This is a preview of one of the articles in the new KROST Quarterly Real Estate Issue, titled “Qualified Improvement Property (QIP) Technical Correction and Bonus Depreciation” by Elvira Frencillo and So Sum Lee

The coronavirus has turned the world upside down. It has cost so many lives and caused agony to individuals and businesses. To help stimulate the economy and U.S. citizens and business to get over this devastating pandemic, the “Coronavirus Aid, Relief, and Economic Security Act” (CARES Act) was enacted in March 2020, providing many tax provisions that favor taxpayers. Within the CARES Act is the long waited technical correction related to Qualified Improvement Property (QIP).

Background

Historically, building improvement had a long useful life for depreciation purposes. Commercial real estate is depreciated over 39 years on a straight-line basis. Therefore, it takes years for businesses to recover their investment. To help stimulate the real estate sector after September 11, 2001, Congress put in place various provisions that allowed certain qualified real property to be depreciated over 15 years instead of 39 years. Furthermore, certain real property also qualified for bonus deprecation, which allowed businesses to fully depreciate such property in the placed-in-service year.

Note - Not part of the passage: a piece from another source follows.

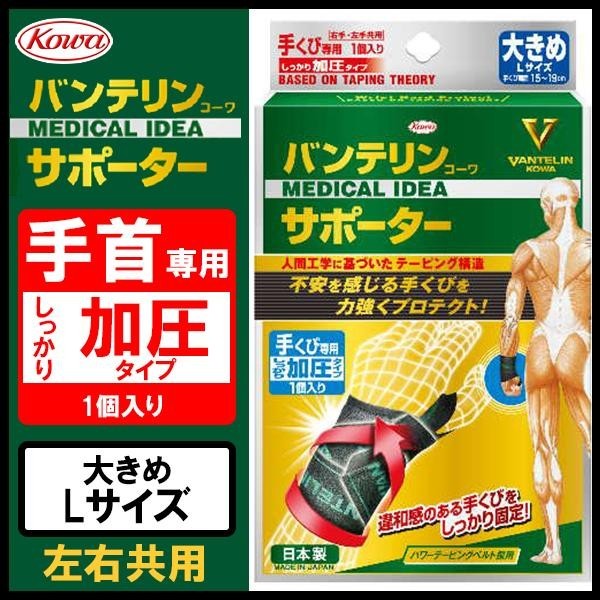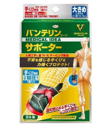 バンテリンコーワサポーター手くび専用にしっかり加圧タイプが新登場!パワーテーピングベルトを巻き付けることで手くびをしっかり守り、手くび、指の過度な動きを抑制します。また、面ファスナーを留める位置によって固定力の調節が可能です。 |

The Tax Cuts and Jobs Act (TCJA) enacted in 2017, consolidated the three categories of real property into what is now called Qualified Improvement Property (QIP): qualified leasehold improvements, qualified retail improvements, and qualified restaurant property. QIP is defined as any improvement made by the taxpayer to an interior portion of a building that is nonresidential real property as long as that improvement is placed in service after the building was first placed in service by any taxpayer. Qualified improvement property specifically excludes expenditures for (1) the enlargement of the building; (2) elevators or escalators; and (3) the internal structural framework of a building. The introduction of QIP is meant to simplify and streamline the various provisions introduced throughout the years while maintaining the same benefits that have been provided to taxpayers. However, the TCJA was written in such a hurry that a major oversight caused qualified improvement property, to be depreciated over 39 years instead of 15 years as intended by Congress. Such oversight also caused qualified improvement property to be ineligible for bonus depreciation. We have been waiting for technical corrections on this issue ever since TCJA came out.

Bonus Depreciation

In 2002, Congress enacted bonus depreciation through the Job Creation and Worker Assistance Act as a tax incentive measure to stimulate the economy. Bonus depreciation is a method of accelerated depreciation that allows businesses to deduct the cost of an eligible property in the first-year of service. Depreciable business assets with a recovery period of 20 years or less and other types of property are generally eligible. For example, machinery, equipment, computers, appliances, and furniture generally qualify.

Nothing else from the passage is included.